Dark ruby is the colour of this supple unoaked Minervois from certified sustainably farmed vineyards. In the intense aromas you’ll find black fruits (plums, cherry). Soft, juicy, fruity, terrific balance and a long finish. This easy-drinking rather elegant wine, with silky tannins, is full bodied and lush, immediately loveable, with a persistent finish and a touch of spice, this is Very Highly Recommended. Pair with paté, roasted meats and pasta. Serve at 18 degrees.

They say: Part of the wine is vinified using carbonic maceration which adds a fresh juicy element to the blend with notes of crushed raspberries and blackcurrants. The wine is round and balanced with nice resistance and a fruity spicy finish.

Minervois is an appellation in the western Languedoc in France; its name comes a nearby village called Minerve which itself is named after Minerva, a Greek goddess. Other appellations in the area include Corbieres and Fitou, whose similar red wines are similar. Beware though, local pride is strong here so, if visiting one of the two, reserve your highest praise for that local wine!

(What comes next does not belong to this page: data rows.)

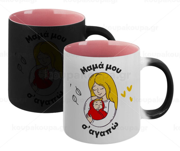 Μανούλα σ'αγαπώ αγκαλιά!, Κούπα Μαγική εσωτερικό ΡΟΖ, κεραμική 330ml που αλλάζει χρώμα με το ζεστό ρόφημα
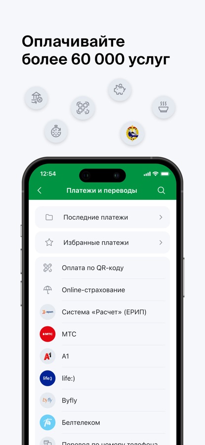 — Оплата услуг и покупок через ЕРИП (включая коммунальные платежи, штрафы, налоги и др.).
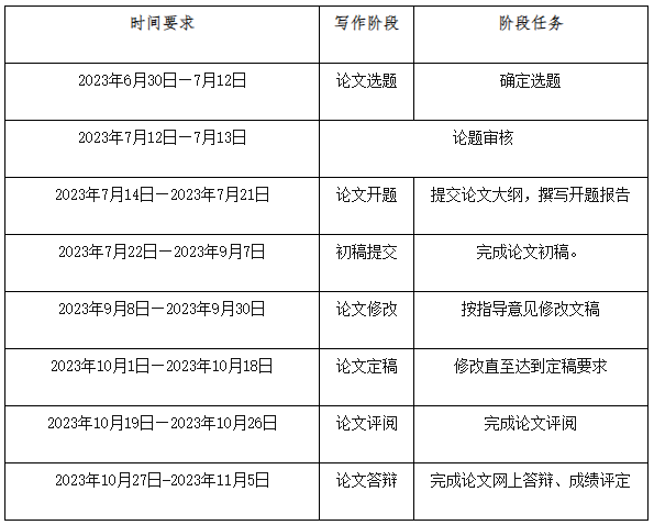注:为保证论文写作有序进行,请各位考生严格参照以上时间完成论文写作及答辩,若因特殊原因(提交证明)未能按照以上时间完成,考生须确保在10月19日(论文评阅日)前取得指导教师给出的合格论文成绩,否则论文成绩按不合格处理,不进入评阅环节。
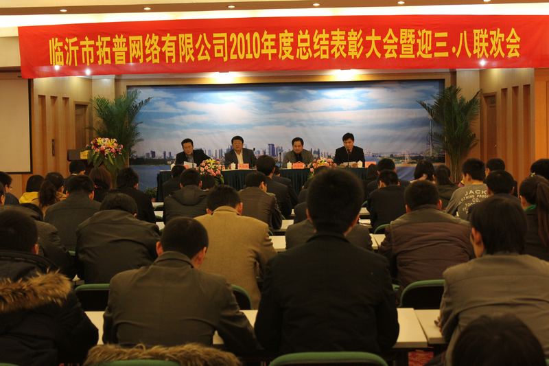 春風(fēng)送福,玉兔報(bào)喜!2011年2月19日,一年一度的年度總結(jié)表彰大會(huì)暨迎三.八婦女節(jié)聯(lián)歡晚會(huì)在陶然居大酒店隆重舉行。除公司全體員工外,晚會(huì)還特邀了臨沂市有關(guān)部門領(lǐng)導(dǎo)、一大批合作客戶、戰(zhàn)略伙伴、以及部分員工家屬出席。 下午1點(diǎn)半,大會(huì)正式開始。首先由張金剛經(jīng)理宣讀2010年度獲得獎(jiǎng)勵(lì)的優(yōu)秀團(tuán)隊(duì)和個(gè)人,接著是3.8紅旗手代表、優(yōu)秀服務(wù)代表、業(yè)務(wù)標(biāo)兵代表、工程質(zhì)量標(biāo)兵代表、優(yōu)秀員工代表、優(yōu)秀團(tuán)隊(duì)代表、新員工代表逐一上臺(tái)作激昂澎湃發(fā)言;最后是公司總經(jīng)理王總作2010年度工作總結(jié)報(bào)告,并對(duì)2011年工作給予部署。首先王總對(duì)公司這一年來所取得的成績(jī)給予了充分肯定,特別是對(duì)勤勉務(wù)實(shí)、兢兢業(yè)業(yè)的全體拓普人給予高度贊賞。同時(shí)王總對(duì)公司新的一年發(fā)展寄予了厚望,寄望全體拓普人在新的一年里要團(tuán)結(jié)一心,繼續(xù)發(fā)揚(yáng)不怕苦、不怕累、勇于進(jìn)取、勇于奉獻(xiàn)的精神,為公司發(fā)展更好更快作出積極的努力 。
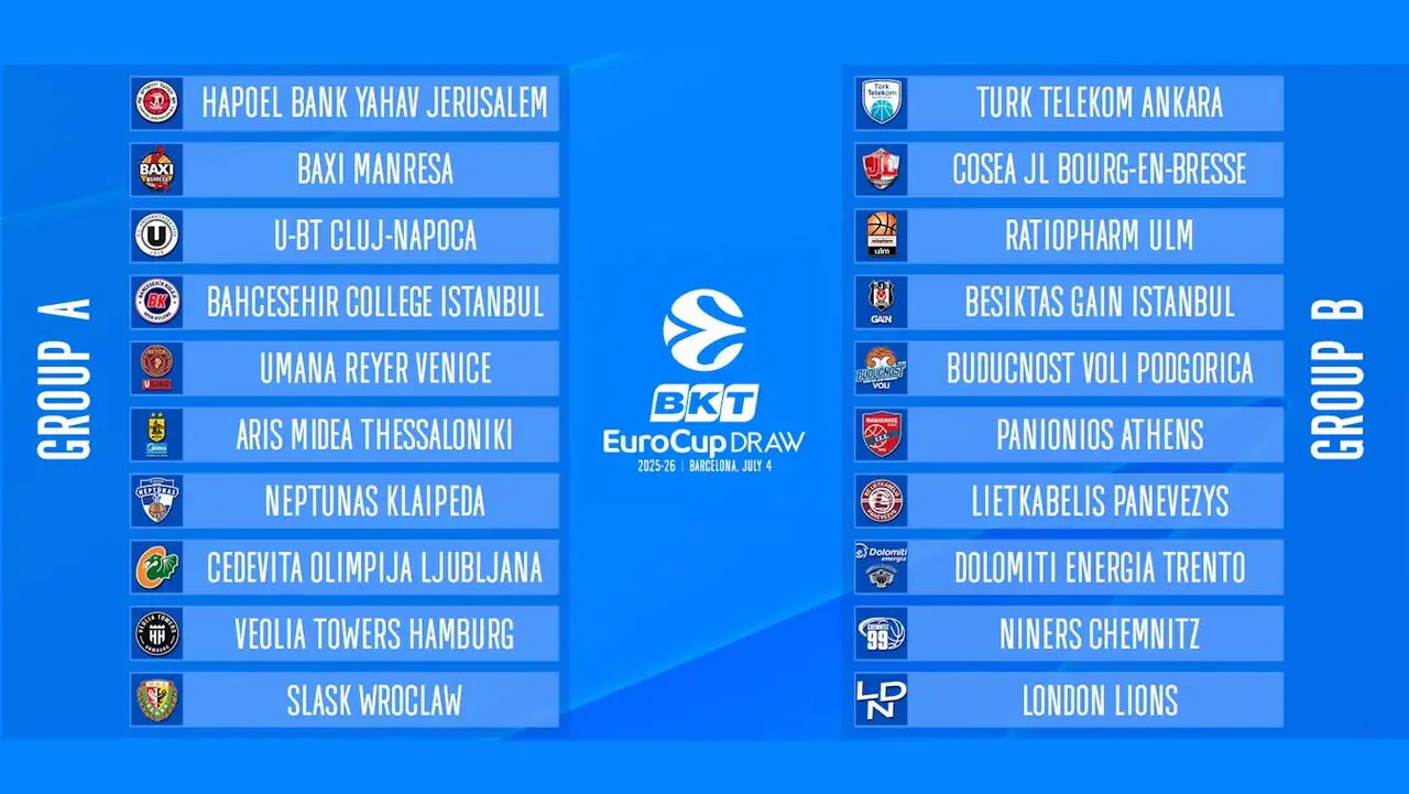 BARCELLONA – Si è svolto oggi a Barcellona il sorteggio della BKT EuroCup 2025-26, che ha definito la composizione dei due gironi da dieci squadre ciascuno. La Dolomiti Energia Trentino è stata inserita nel Gruppo B, dove affronterà: Turk Telekom Ankara, Cosea JL Bourg-en-Bresse, Ratiopharm Ulm, Besiktas Gain Istanbul, Buducnost Voli Podgorica, Panionios Athens, Lietkabelis Panevezys, Niners Chemnitz e London Lions.
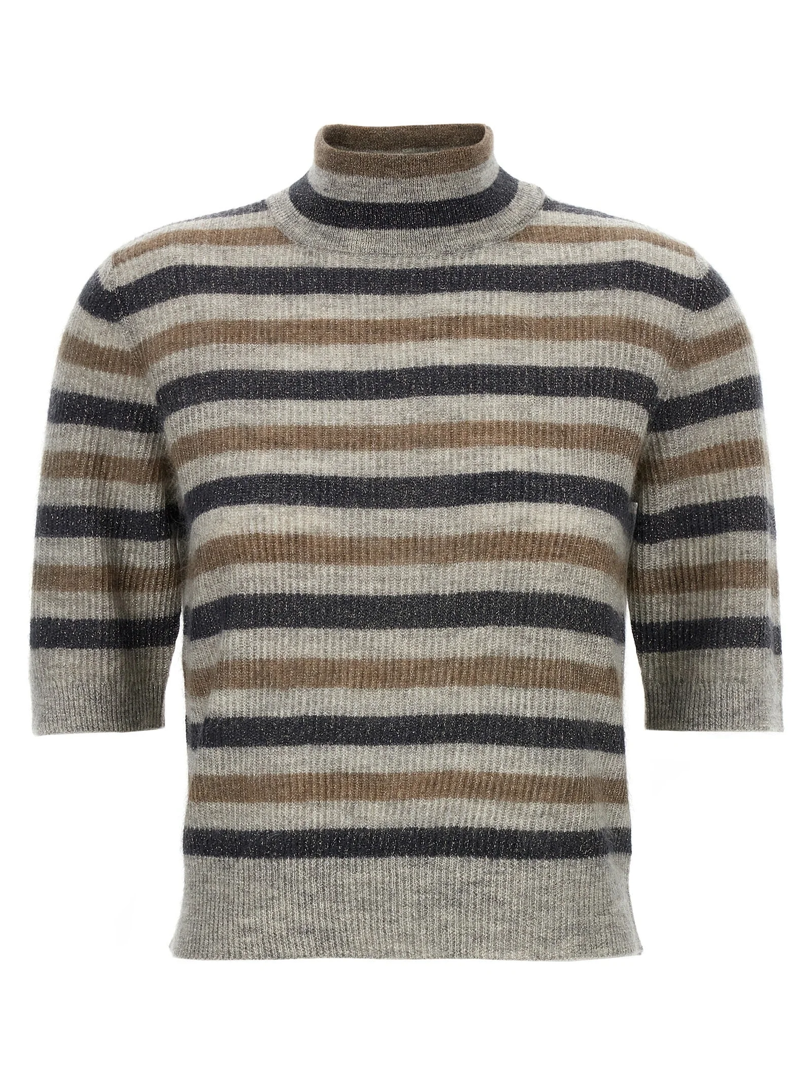 Striped wool blend sweater with lurex threads, crop model, high neck, short sleeves. true to size fit 42% mohair wool 38% polyamide 12% wool 8% metal SKU: MBG236814PCLM03 Our Products Are 100% Genuine. In All Cases We Stand By The Authenticity Of Every Product Sold On Our Site. All sales are final and we only accept returns for quality issue. Buyer is responsible for any import tax/duty if applicable.
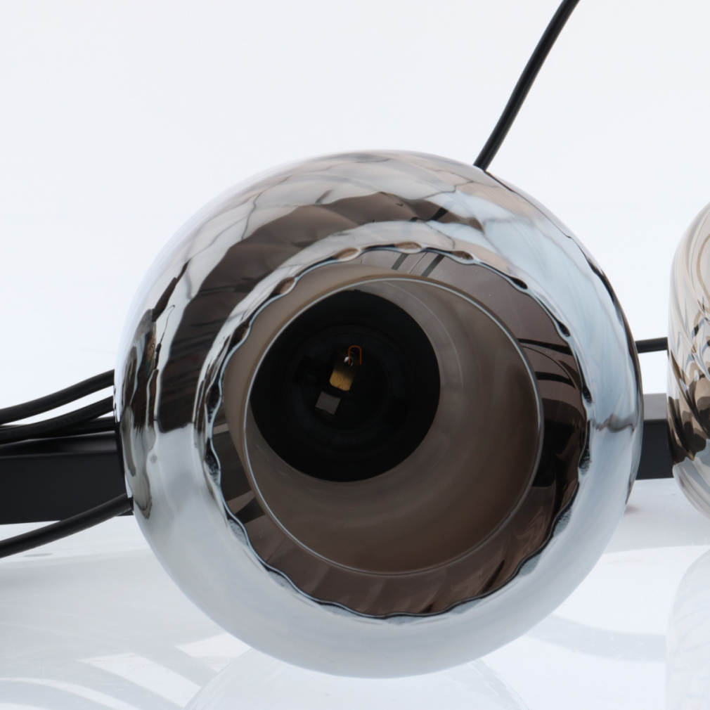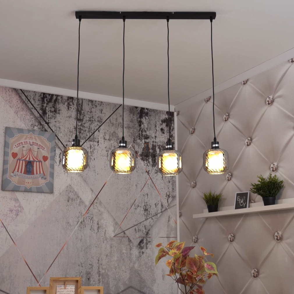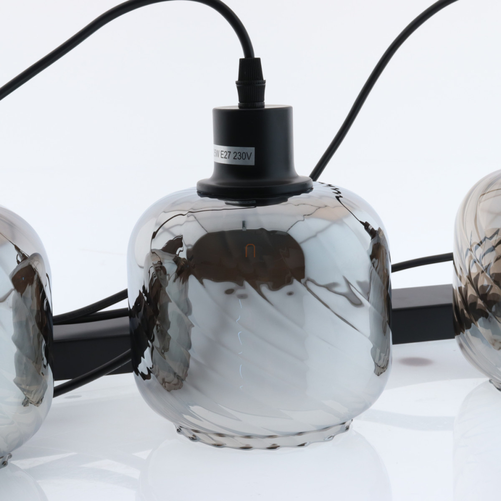 Függesztett lámpa barázdált üveg búrával, füstszínű, 4 foglalattal - Xia Globo 15754-4H
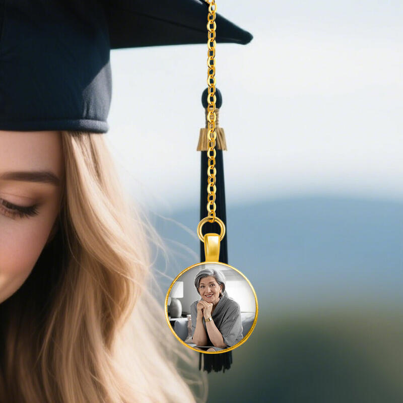 As your child prepares to walk across the stage to receive their diploma, honor this momentous achievement by gifting them this graduation tassel charm. Carefully crafted with attention to detail, this charm pays tribute to a loved one with a custom picture keepsake gift. Add a special touch by personalizing the gift with a photo, name, or a sweet message. A personalized tassel photo charm will be a heartwarming and practical gift for anyone during the upcoming graduation season. Not only is it a graduation cap charm with a picture and a short message, it's also a sweet reminder that your loved one isn't far away, but he or she is always with you in different ways.
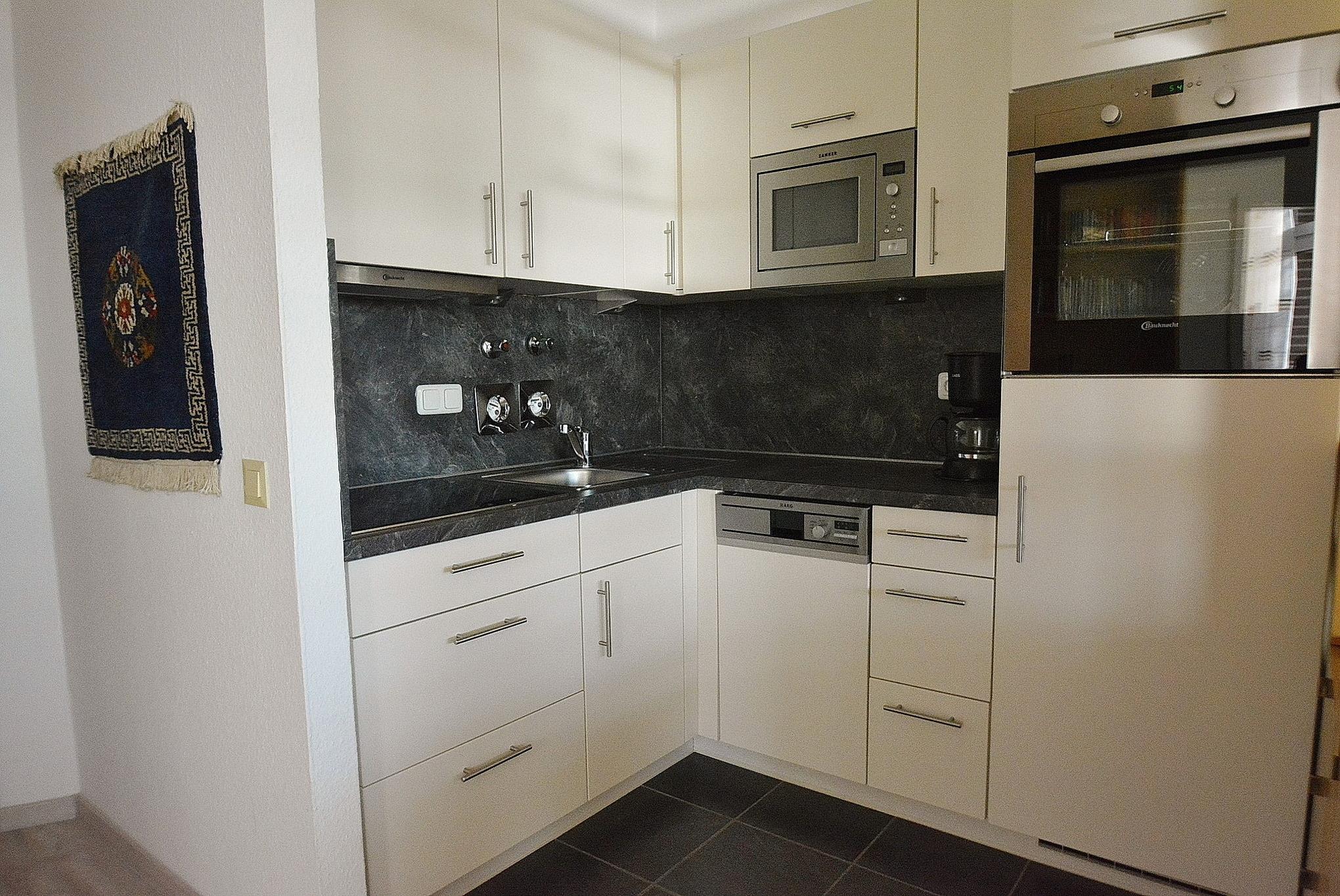 Moderne, komplett ausgestattete, zum Wohnbereich offene Küche mit 4-Platten Cerankochfeld, Backofen, Mikrowelle, Spülmaschine, Kühlschrank mit kleinem 3-Sterne Gefrierfach, Kaffeemaschine, Toaster und Wasserkocher.
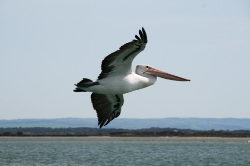 There is a magnificent pelican flying low over the estuary with thick scrub and hills in the background. It circles a few times then lands, with surprising grace for such a large bird, amongst a small group of pelicans. They comb the edge of the water hunting for schools of baitfish. The birds then circle their prey driving them into a small ball before scooping the hapless victims up in their flexible net-like bills.

Cébène “Les Bancèls” Faugères (AOP) 2013, 14%, €26.50 JN Wine 
Dark red’s the colour. Dark fruit too in the aromas plus a touch of the garrigue. Smooth and outstandingly spicy, fresh, with abundant fruit and fine tannins, and harmonious all the way through the persistent finish. This one’s for the leg of lamb and Highly Recommended.
You’ll find Faugères in the heart of the Haut-Languedoc Parc Naturel. Here, winemaker Brigitte Chevalier was drawn by the qualities of the terroir, its exposure (north-facing, for balanced wines) and altitude (300 metres, in the foothills of the Massif Central). She farms organically and the 2013 Les Bancèls is a blend of Syrah, Grenache and Mourvèdre.
By the way, it is also in Faugères that you'll find Domaine la Sarabande. Here, Australian Paul Gordon and his Carlow wife Isla work. Their excellent wines are available from O'Briens.